God has always saved men, therefore, on the basis of their understanding of and faith in Him.  This has never changed.  It is remarkable to read the Psalms and the prophets in the Old Testament and see these expressions of understanding and faith.  Abel, as mentioned, offered of the flock - he understood that it was a substitution for his own death as a sinner.  Cain, on the other hand, brought of the fruit of the ground.  God had not only cursed the ground on man’s account as fallen from grace (Genesis 3:17); but, there was death involved and the scripture is clear - “without blood-shedding there is no remission” (Hebrews 9:22).

It is said of Abraham in Genesis 15 that the Lord “led him out, and said, Look now toward the heavens, and number the stars, if thou be able to number them. And he said to him, So shall thy seed be!  And he believed Jehovah; and he reckoned it to him [as] righteousness” - in Romans 4:11 he is called “the father of all them that believe.”  All these illustrations of faith are emphasized to help in the understanding that God is unchanging - He has been saving men through faith from the very beginning and is continuing to save them in the same way - by faith - in this present time.  There has never been any difference in this as shown in Romans 3, “for there is no difference; for all have sinned, and come short of the glory of God.”

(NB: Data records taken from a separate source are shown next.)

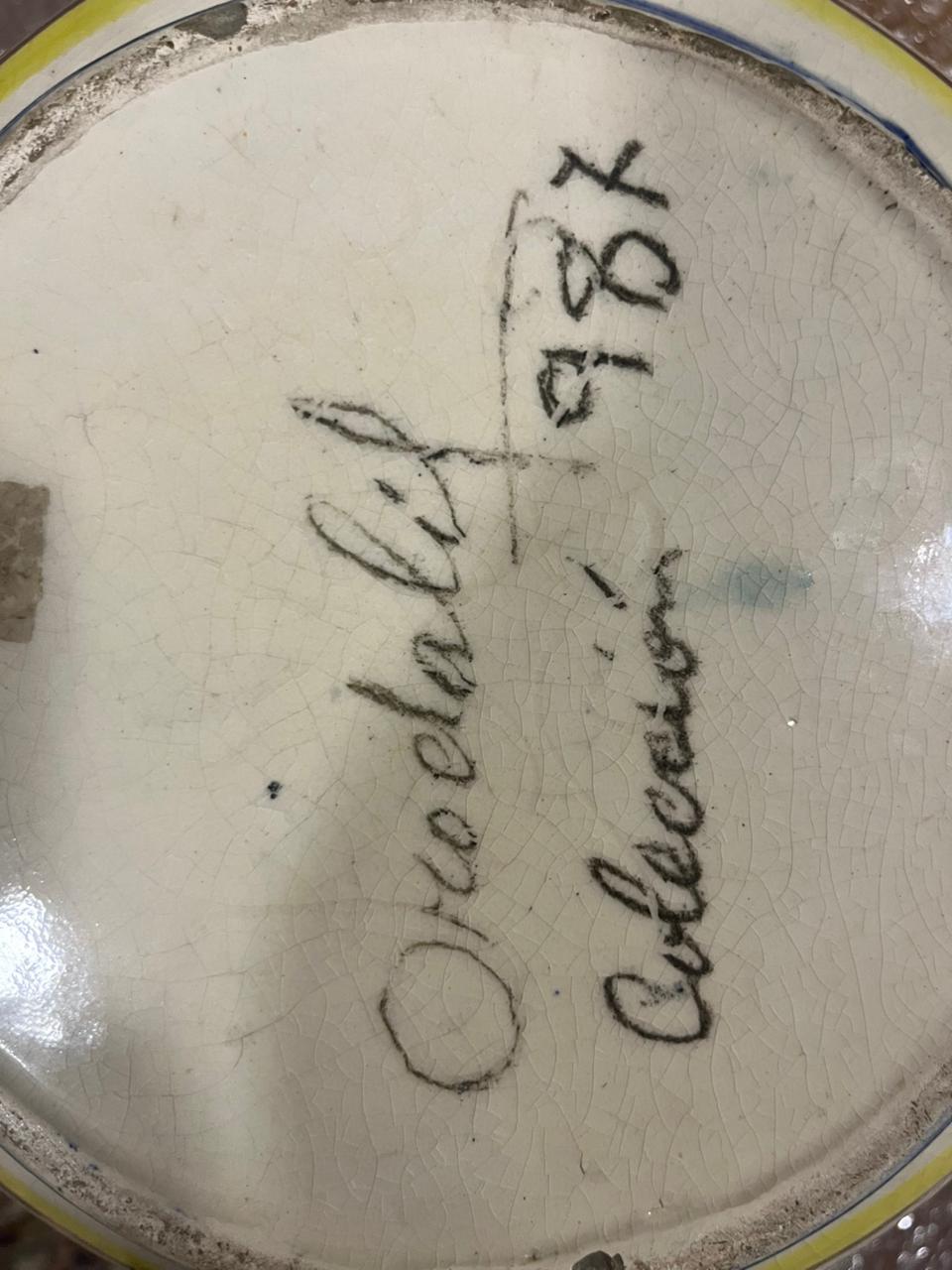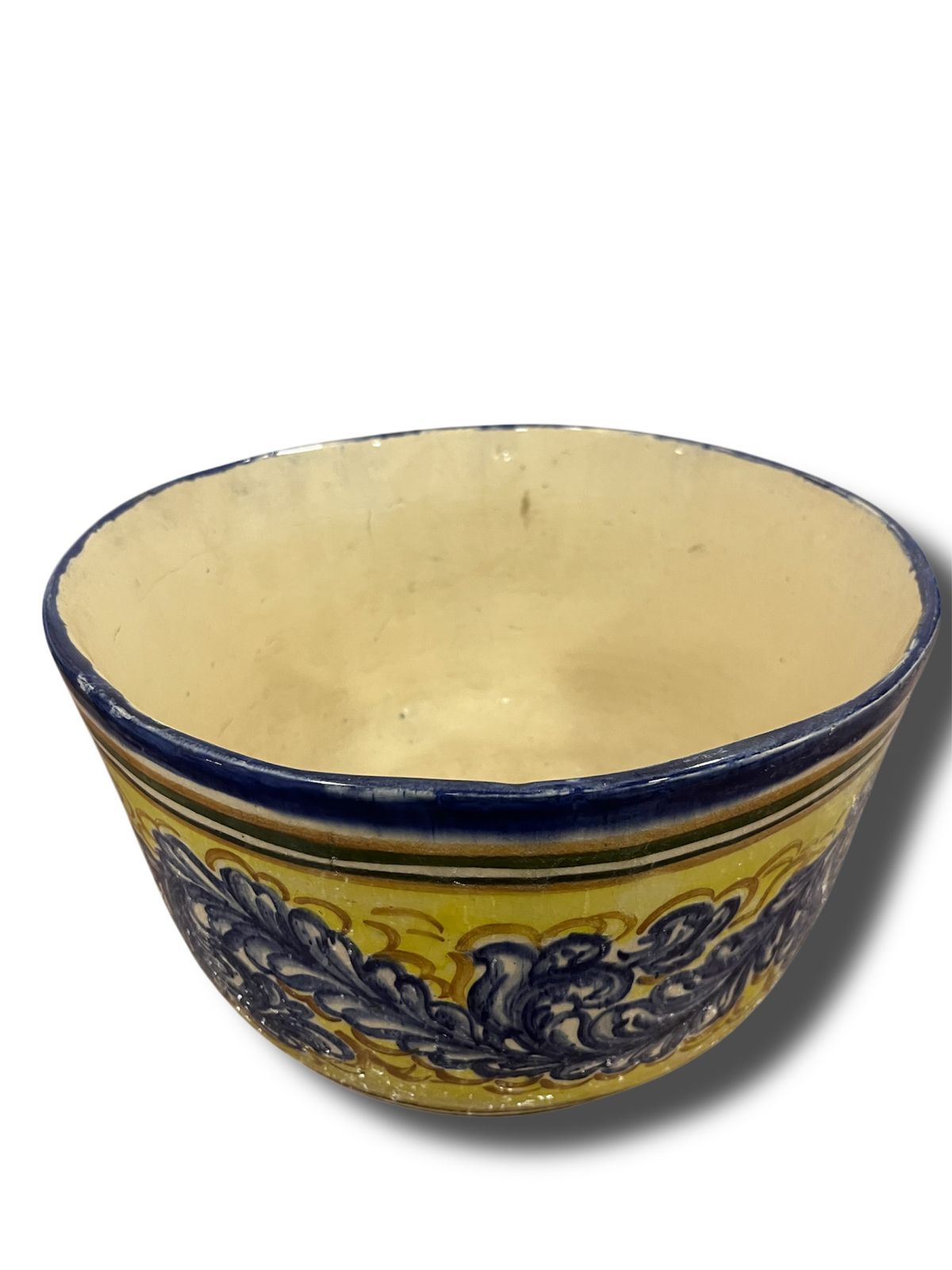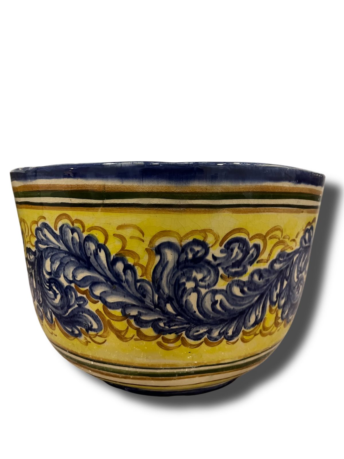Antigua plantera española en porcelana pintada a mano. Diseños de arabescos en vívidos tonos azules sobre fondo amarillo pastel.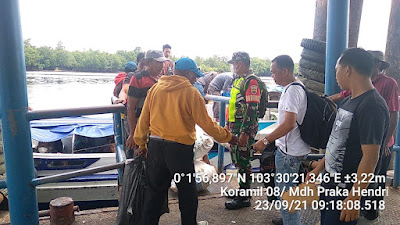 Praka Hendri Babinsa Koramil 08/Mandah Kodim 0314/Inhil tetap  Melaksanakan Penegakkan Disiplin  di Pelabuhan Sembuang  Kelurahan Khairiah Mandah Kecamatan Mandah Kamis (23/09/2021)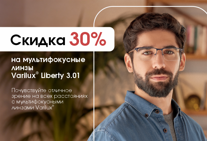 Акция! СКИДКА 30% на мультифокусные линзы Liberty от Essilor (Франция)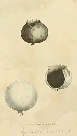 The genus was originally described by mycologist Christiaan Hendrik Persoon in 1794. He described the genus as "Cortice exteriore libero evanefcente, pileo acauli demum glaberrimo, vertice irregulariter rupto" ("Exterior cortex vanishes, cap stemless becoming smooth, irregularly breaking the top").[1] Synonyms include Piesmycus (Rafinesque 1808), Piemycus (Rafinesque 1813), Sackea (Rostkovius 1844), Globaria (Quélet 1873), and Pseudolycoperdon (Velenovský 1947). Bovista plumbea is the type species.[2]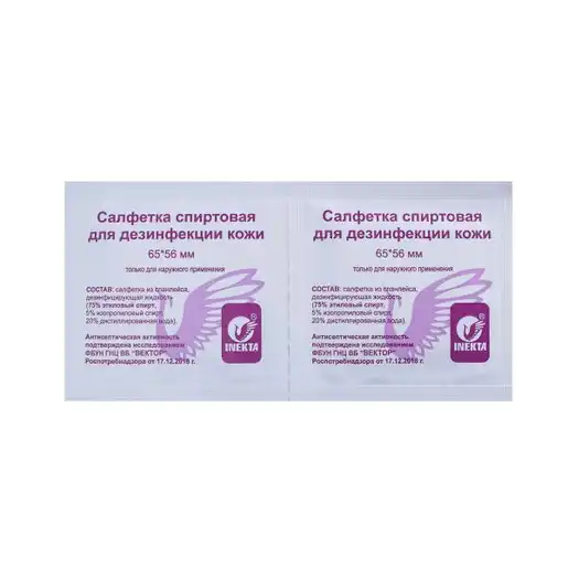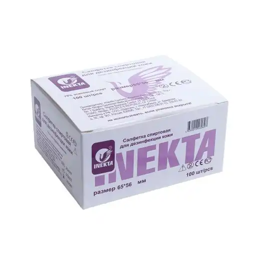 Салфетка инъекционная спиртовая одноразовая Inekta 65*56 мм герметично упакована в индивидуальный пакет.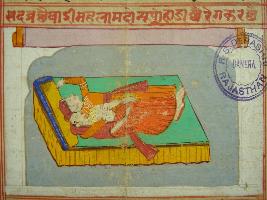 | Description / विवरण | A leaf of illustrated manuscript depicting one couple sleeping on a bed. This painting has 38 pages with 16 illustration. |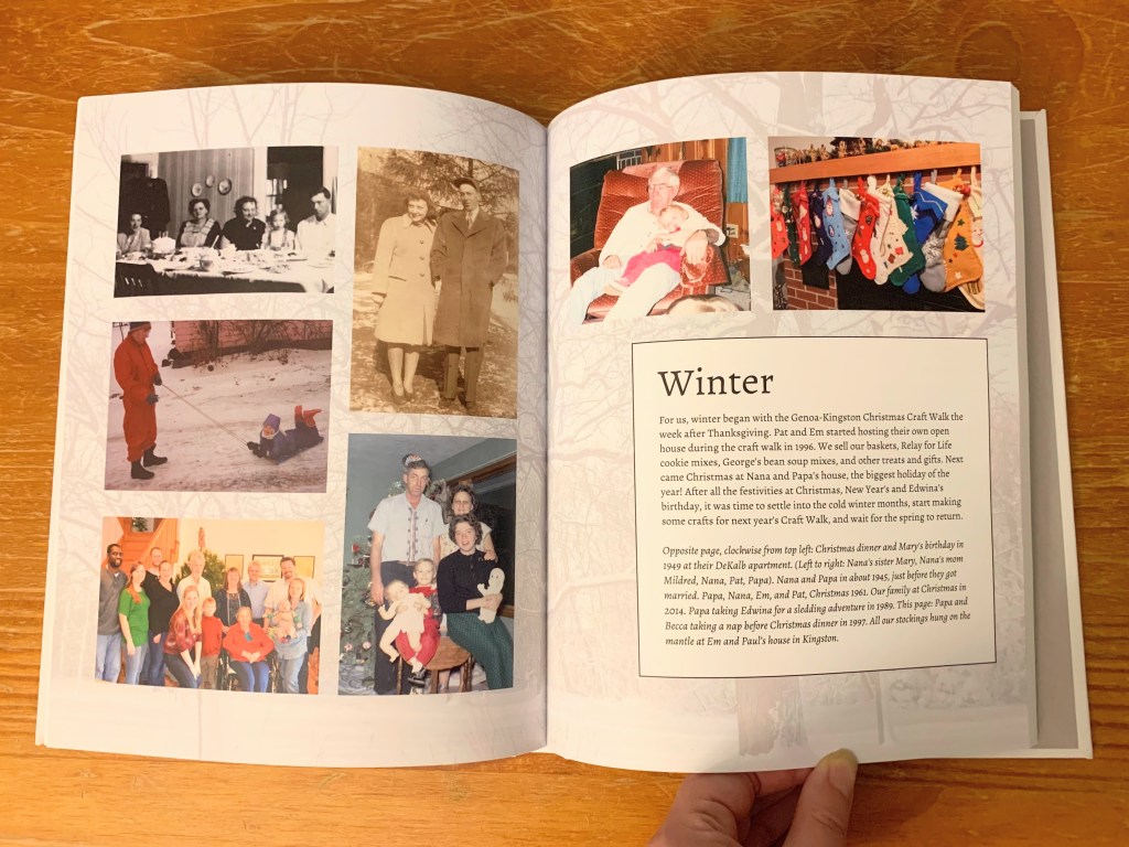 Include photos! I included as many photos as I could, including old and new family photos, photos of us cooking, and photos of the dishes. Photos of the dishes help to identify it and help the cook recreate how it’s supposed to look when they make it on their own. Whenever you make a dish, take a clear, well-composed photo of the dish. If I didn’t have a photo of the completed dish, and if there was room on the page, I tried to include a photo of the family member who originally made that recipe. On the introductory pages for each chapter (such as the Winter section below), I included a variety of old and new family photos, much like a family photo album. Younger family members loved flipping through the book to find photos of themselves and their parents when they were young!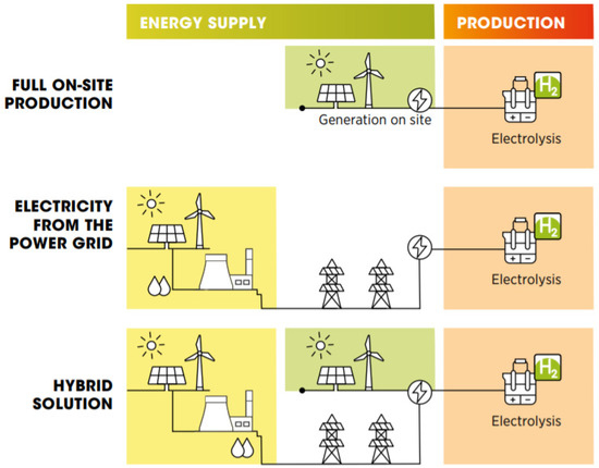 There are three production models for renewables-based hydrogen. These are full on-site production, electricity from the power grid, and a hybrid solution (Figure 2). In contrast to full on-site hydrogen production, connecting the electrolyzers to the power grid would enable the counteracting of the volatility of the wind and solar energy supply and stabilize hydrogen production.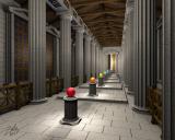 Vivien- Nice step forward with the columns image. Smart choice to warm up the colors of the light, it has improved the mood. The vegetation is better too. There is a difference between transparency and translucency. Translucency is the effect you would have actually wanted here, but I think that transparency can be better than nothing at all so go for it. Shortly I'll try to make some translucent leaf materials available. The render time is similar to transparency, so I'm sure you can afford the translucency when the time comes.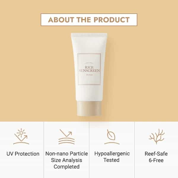 I’M FROM Rice Sunscreen is a mineral sunscreen that contains 41% Goami Rice Extracts from Yeoju, South Korea which can help remove skin impurities for a softer and smoother skin texture and brighter complexion.Rice Sunscreen has completed the SPF testing on human skin with the result of SPF 50+ PA++++. Contains Non-nano Zinc Oxide that can block both UVA and UVB and is less likely to penetrate human skin, and does not contain Oxybenzone and Octinoxate which is harmful to the coral and marine ecosystem. A sunscreen that not only protects skin from UV rays but at the same time also has excellent effects in soothing and calming the skin irritated by UV radiation.As a 100% mineral base sunscreen, it has a moist and silky texture that lightly coats and quickly blends into the skin without leaving any stickiness. This product also has a pleasant scent, recommended for those who prefer fragrant skincare products.

Much else could be said, but it is trusted that these words will help - at least in the general understanding - to make apparent that God is indeed the Same - our unchanging God.  Otherwise, the nature of God might be open to speculation - which is to say, that there could be something impermanent or untrustworthy in His nature.  But, this is patently not so - He is our One Unchanging God.  Amen.